- _STUDY MATERIAL_
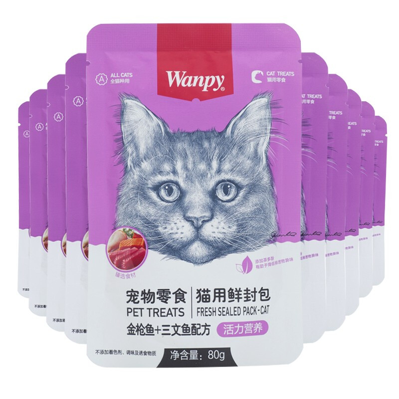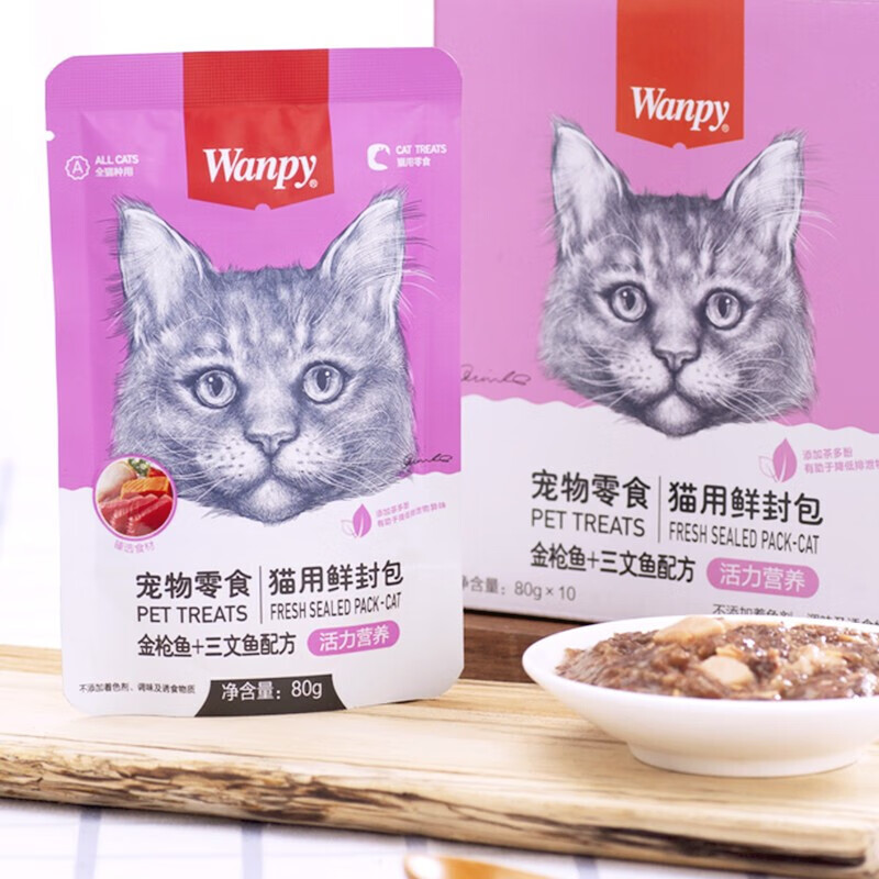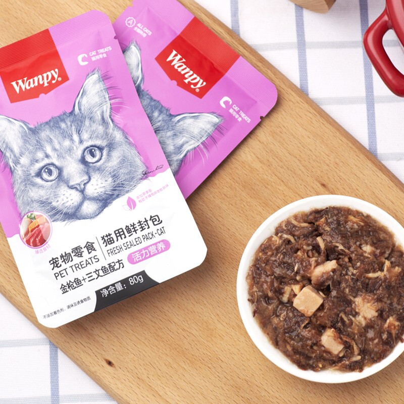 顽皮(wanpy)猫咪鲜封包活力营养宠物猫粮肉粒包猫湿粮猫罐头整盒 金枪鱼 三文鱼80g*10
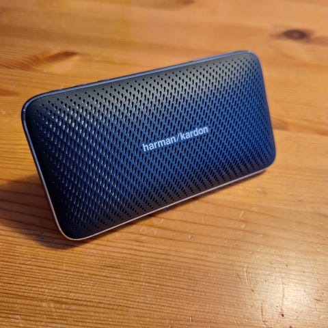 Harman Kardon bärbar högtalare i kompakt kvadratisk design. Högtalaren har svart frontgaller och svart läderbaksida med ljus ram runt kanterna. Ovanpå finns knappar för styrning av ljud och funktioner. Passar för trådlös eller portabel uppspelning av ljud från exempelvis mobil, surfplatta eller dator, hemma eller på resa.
--
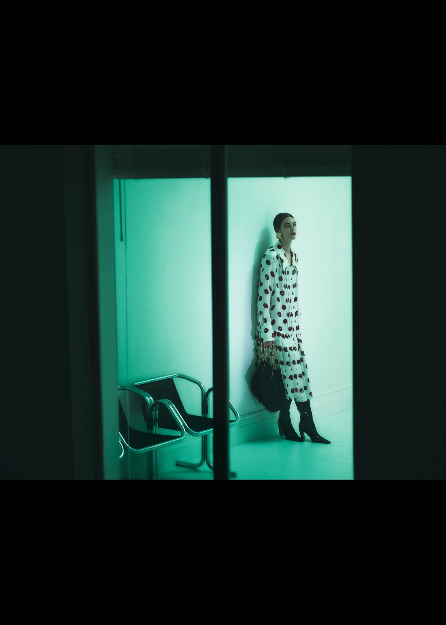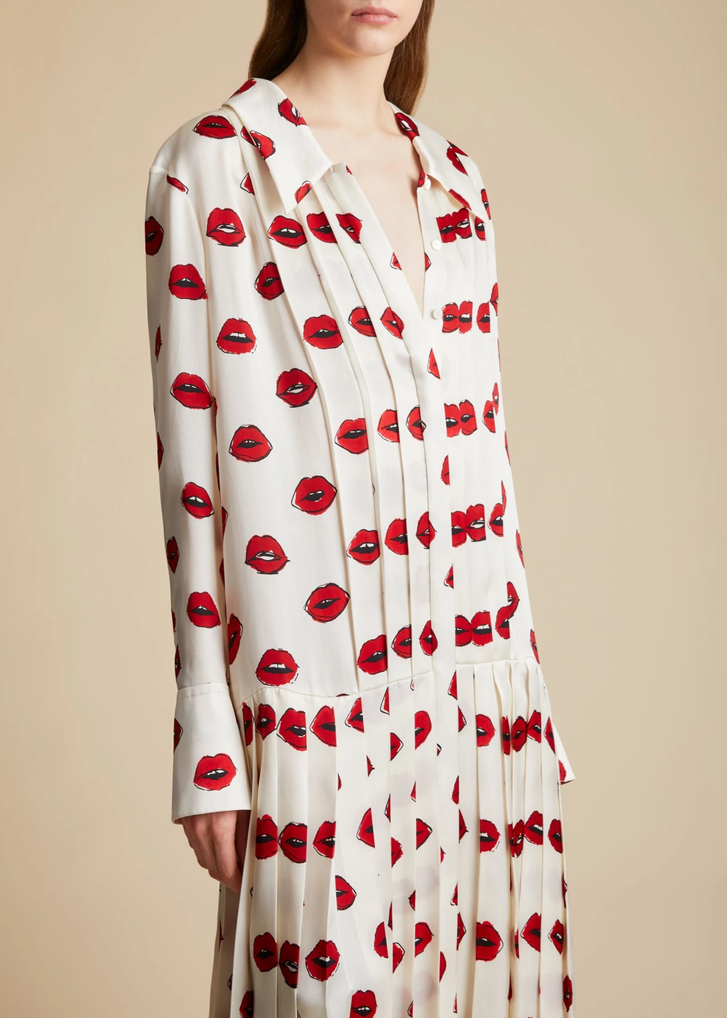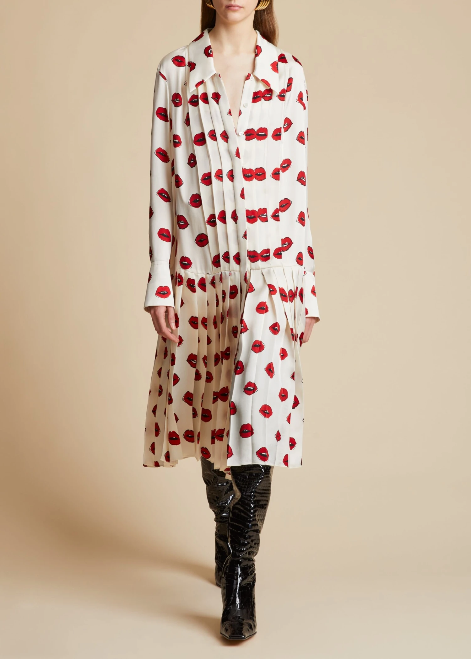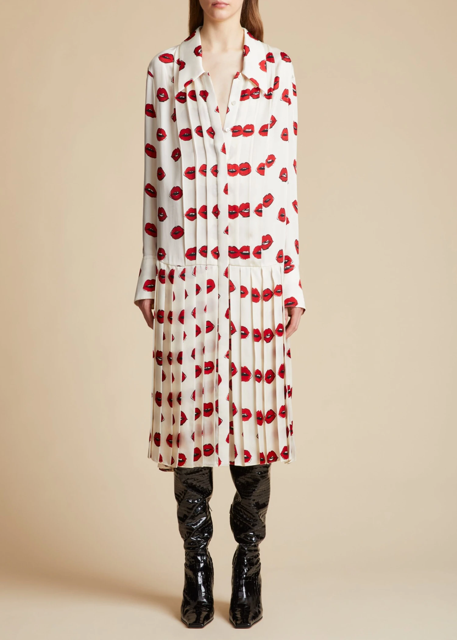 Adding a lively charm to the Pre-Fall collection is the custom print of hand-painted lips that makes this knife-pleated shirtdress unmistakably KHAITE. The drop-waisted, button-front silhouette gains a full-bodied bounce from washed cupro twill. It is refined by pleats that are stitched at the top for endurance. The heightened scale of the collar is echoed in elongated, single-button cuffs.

- _YOUR ASSIGNMENT_
Set the pictures aside and transcribe exactly the stretch of lines above, beginning with the one holding "顽皮(wanpy)猫咪鲜封包活力营养宠物猫粮肉粒包猫湿粮猫罐头整盒 金枪鱼 三文鱼80g*10" and ending with the one holding "Harman Kardon bärbar".

- _EXERCISE SOLUTION_
 顽皮(wanpy)猫咪鲜封包活力营养宠物猫粮肉粒包猫湿粮猫罐头整盒 金枪鱼 三文鱼80g*10
 Harman Kardon bärbar högtalare i kompakt kvadratisk design. Högtalaren har svart frontgaller och svart läderbaksida med ljus ram runt kanterna. Ovanpå finns knappar för styrning av ljud och funktioner. Passar för trådlös eller portabel uppspelning av ljud från exempelvis mobil, surfplatta eller dator, hemma eller på resa.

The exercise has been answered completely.